* _WHAT THE TASK REQUIRES_
Please output only the lines that begin at the line with "Ende Gelände Berlin" and run through the end of the entries below, exactly as written. Drop all pictures.

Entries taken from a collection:
□ □ □ □ □ □ □

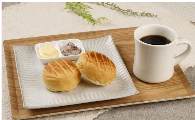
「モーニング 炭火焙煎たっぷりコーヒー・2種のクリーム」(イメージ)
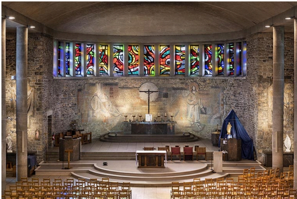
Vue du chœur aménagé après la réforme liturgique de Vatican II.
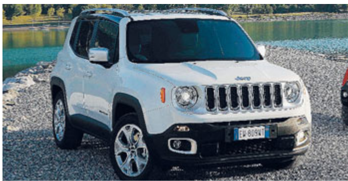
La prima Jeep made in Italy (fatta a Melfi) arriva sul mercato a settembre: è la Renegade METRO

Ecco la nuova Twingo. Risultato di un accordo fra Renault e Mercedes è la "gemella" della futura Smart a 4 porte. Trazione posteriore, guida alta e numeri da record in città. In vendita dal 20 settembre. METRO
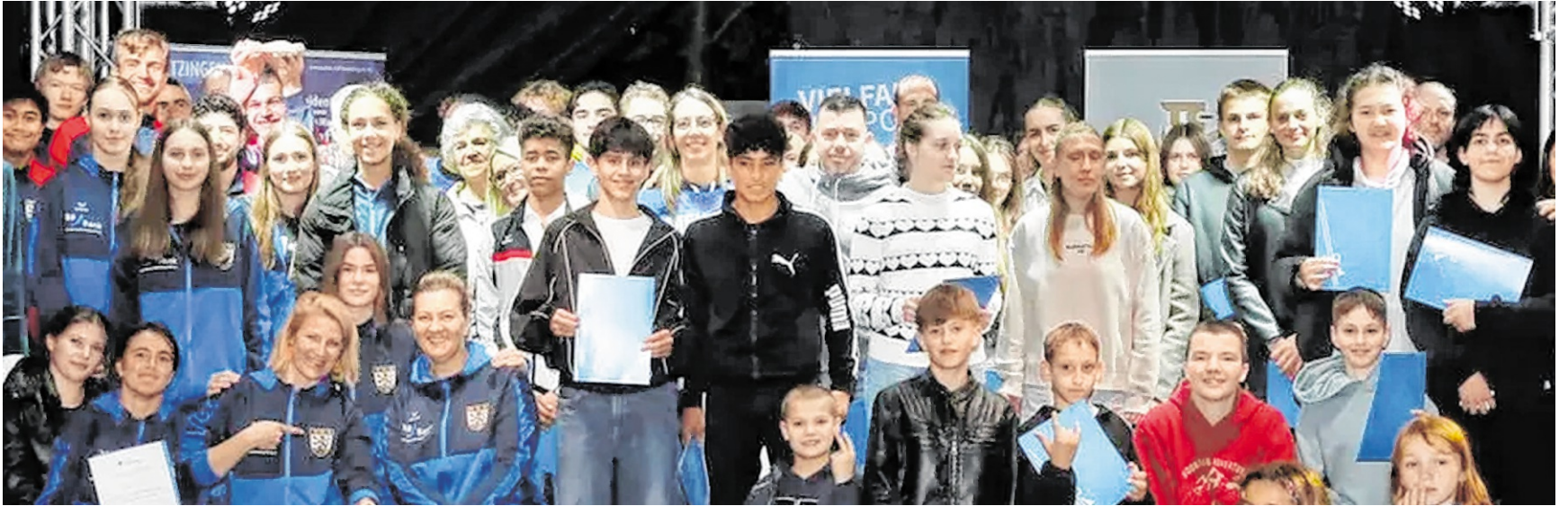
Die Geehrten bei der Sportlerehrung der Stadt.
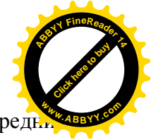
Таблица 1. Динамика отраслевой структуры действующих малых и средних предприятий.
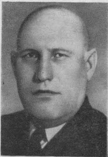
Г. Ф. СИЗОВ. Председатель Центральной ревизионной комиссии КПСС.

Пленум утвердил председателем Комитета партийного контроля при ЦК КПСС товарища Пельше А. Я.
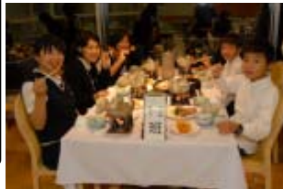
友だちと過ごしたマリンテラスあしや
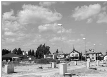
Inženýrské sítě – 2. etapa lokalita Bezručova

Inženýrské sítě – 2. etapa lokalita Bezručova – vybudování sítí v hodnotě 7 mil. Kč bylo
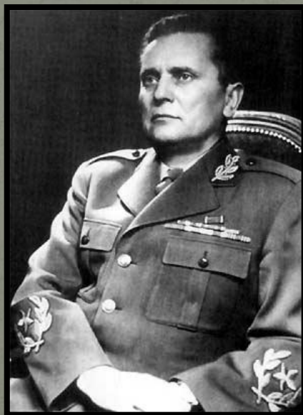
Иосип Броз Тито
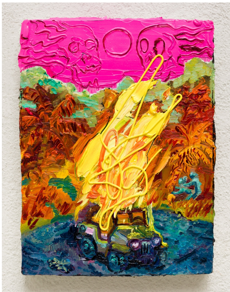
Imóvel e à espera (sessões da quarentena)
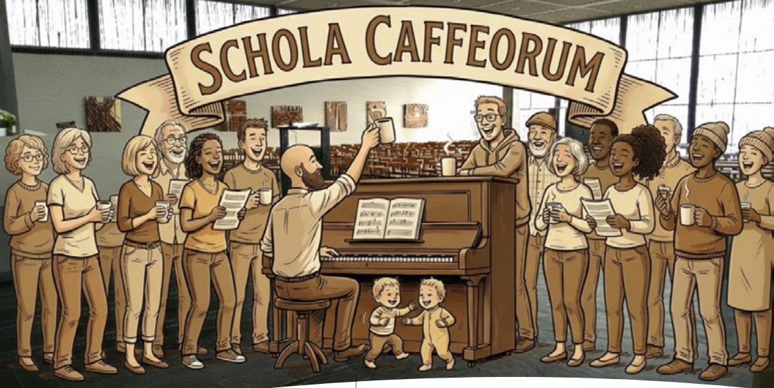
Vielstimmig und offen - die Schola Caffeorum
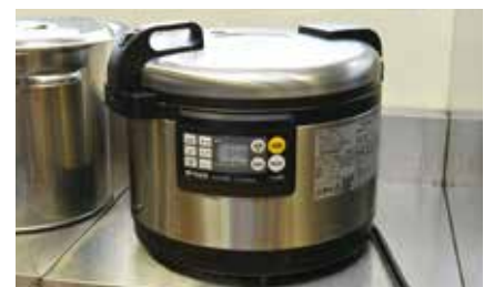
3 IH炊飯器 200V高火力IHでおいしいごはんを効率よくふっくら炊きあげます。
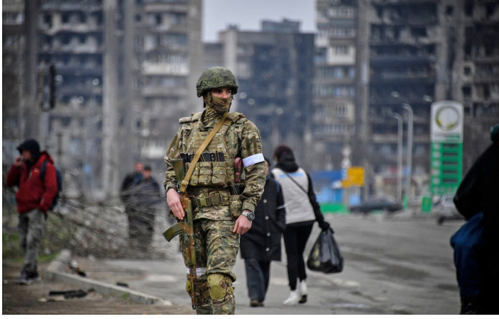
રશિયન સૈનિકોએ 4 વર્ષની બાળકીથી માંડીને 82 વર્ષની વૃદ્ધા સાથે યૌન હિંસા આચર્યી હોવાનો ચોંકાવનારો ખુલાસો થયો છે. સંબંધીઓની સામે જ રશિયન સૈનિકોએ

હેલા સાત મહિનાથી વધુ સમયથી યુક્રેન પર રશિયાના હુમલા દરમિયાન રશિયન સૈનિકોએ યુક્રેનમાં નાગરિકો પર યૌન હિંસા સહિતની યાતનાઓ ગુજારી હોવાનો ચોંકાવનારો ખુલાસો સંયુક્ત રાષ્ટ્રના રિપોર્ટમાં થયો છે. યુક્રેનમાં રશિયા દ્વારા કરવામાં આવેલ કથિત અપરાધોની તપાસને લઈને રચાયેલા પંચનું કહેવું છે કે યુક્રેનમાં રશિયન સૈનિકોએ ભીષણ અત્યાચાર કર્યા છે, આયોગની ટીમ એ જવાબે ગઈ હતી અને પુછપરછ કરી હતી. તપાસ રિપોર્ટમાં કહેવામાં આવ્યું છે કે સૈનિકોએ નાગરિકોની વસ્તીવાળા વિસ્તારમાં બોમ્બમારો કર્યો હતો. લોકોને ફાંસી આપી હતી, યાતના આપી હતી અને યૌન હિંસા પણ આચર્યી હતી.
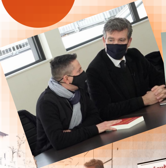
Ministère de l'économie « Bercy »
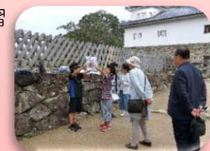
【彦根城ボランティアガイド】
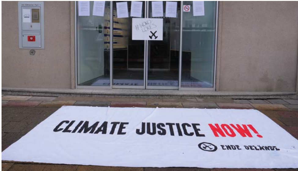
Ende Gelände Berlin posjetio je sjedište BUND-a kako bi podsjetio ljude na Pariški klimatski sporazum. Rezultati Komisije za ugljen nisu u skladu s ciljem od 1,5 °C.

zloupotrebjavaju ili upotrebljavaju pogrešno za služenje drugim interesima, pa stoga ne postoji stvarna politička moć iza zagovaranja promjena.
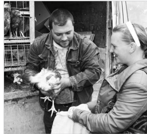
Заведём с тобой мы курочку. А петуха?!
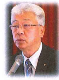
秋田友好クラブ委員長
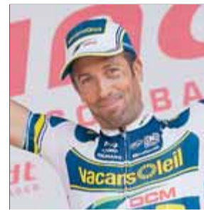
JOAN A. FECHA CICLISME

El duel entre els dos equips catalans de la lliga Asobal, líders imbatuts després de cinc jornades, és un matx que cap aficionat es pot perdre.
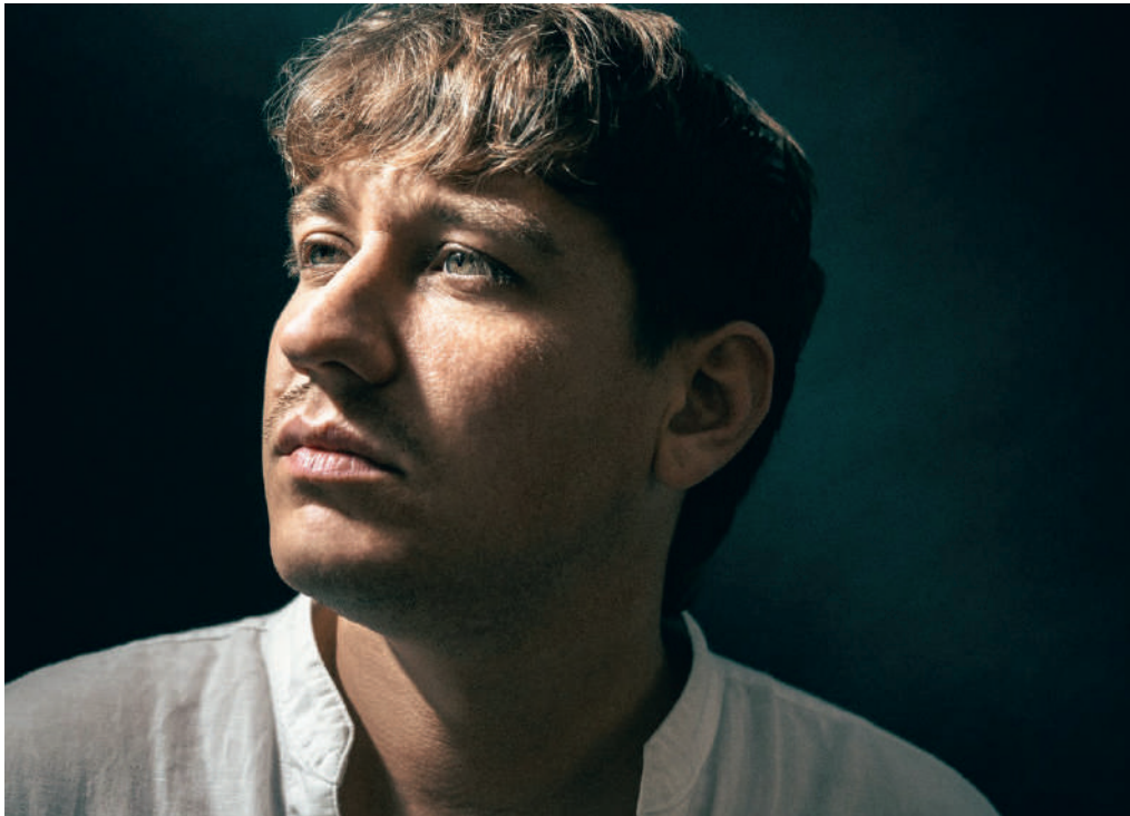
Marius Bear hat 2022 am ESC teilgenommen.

□ □ □ □ □ □ □

* _ANSWER TO THIS TASK_
Ende Gelände Berlin posjetio je sjedište BUND-a kako bi podsjetio ljude na Pariški klimatski sporazum. Rezultati Komisije za ugljen nisu u skladu s ciljem od 1,5 °C.

zloupotrebjavaju ili upotrebljavaju pogrešno za služenje drugim interesima, pa stoga ne postoji stvarna politička moć iza zagovaranja promjena.
Заведём с тобой мы курочку. А петуха?!
秋田友好クラブ委員長
JOAN A. FECHA CICLISME

El duel entre els dos equips catalans de la lliga Asobal, líders imbatuts després de cinc jornades, és un matx que cap aficionat es pot perdre.
Marius Bear hat 2022 am ESC teilgenommen.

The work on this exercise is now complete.